The sputtering economy has taken its toll on many couples I interviewed. When Jade was laid off from her six-figure job with an international food supplier, she was actually relieved. Throughout her marriage she has earned two to three times as much as her husband, and he had finally procured a lucrative senior position in finance. "Finally, I could take a break," she says, "I could spend more time with our one child and more time with my aging parents."

Her relief was short-lived; six months into his new post her husband's company filed Chapter 11 and let him go. As he scoured the meager pickings in the Want Ads for openings in corporate finance, she was forced to go back to work as a freelance restaurant consultant.

"Oh yes, I was really upset about this," says Jade. "I shouldered the majority of the financial weight for our whole 20-year marriage. Finally, it was his turn to get out there.

"When finances get rocky your whole life feels rocky. If you are worried about day-to-day sustenance, guess what? Are you going to be in the mood for sex? Are you going to be pleasant and happy? Probably not."
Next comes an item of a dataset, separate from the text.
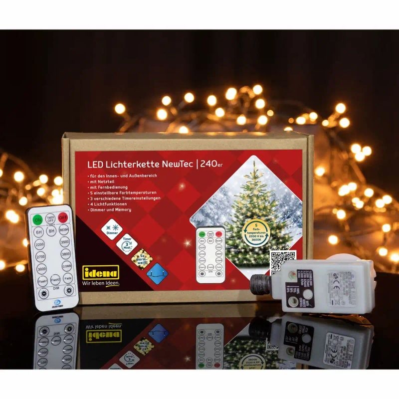 Idena Lichterkette 240 LED warmweiß 5 Farbtemperaturen 31,9m, innen & außen, Timerfunktion

Her transformation came one day while listening to a girlfriend in a similar situation complain that instead of rigorous job hunting, her own out-of-work husband had started to take guitar lessons. Jade began to let go of her anger and feel compassion as she observed her husband ruthlessly pursuing every lead and going on countless interviews.

"I started being open to hearing what's in his heart, which is a lot of frustration with the job hunt," says Jade. "And in the meantime, this little consulting business of mine is starting to really grow. I love being my own boss with a flexible schedule after years of being ruled by a huge organization.

"Once I stopped bugging my husband about money our relationship turned a corner."

"After 8 p.m., I stay away from subjects that will piss him off."

This is my own advice for a marital makeover: Stay away from combustible subjects at night. My husband of 23 years and I used to have our worst arguments after our four sons had retreated to their own rooms to do homework. I'd use that opportunity when it was just the two of us to bring up touchy topics I didn't want the boys to hear; about money, about house repairs he said he'd do and didn't, about how he seems to love watching hockey more than talking to me.

About a year ago I brought up one of his least favorite reminders, that our fireplace still didn't work after 18 years living in the same house. He was watching his beloved Capitals hockey team lose, and he turned to me, the vein throbbing in his neck:

"Don't talk to me about stuff that will piss me off at night," he snapped. "It keeps me awake. This is the only time all day I get to relax."

Too riled myself to fall asleep, I lay in bed and really got what he was saying. Being pissed off is no way to end a long day. One of my resolutions in January 2011 was to avoid inflammatory conversation after 8 p.m. That has led to the creation of a more attentive husband who is more eager to warm me in other ways since our fireplace still isn't fixed.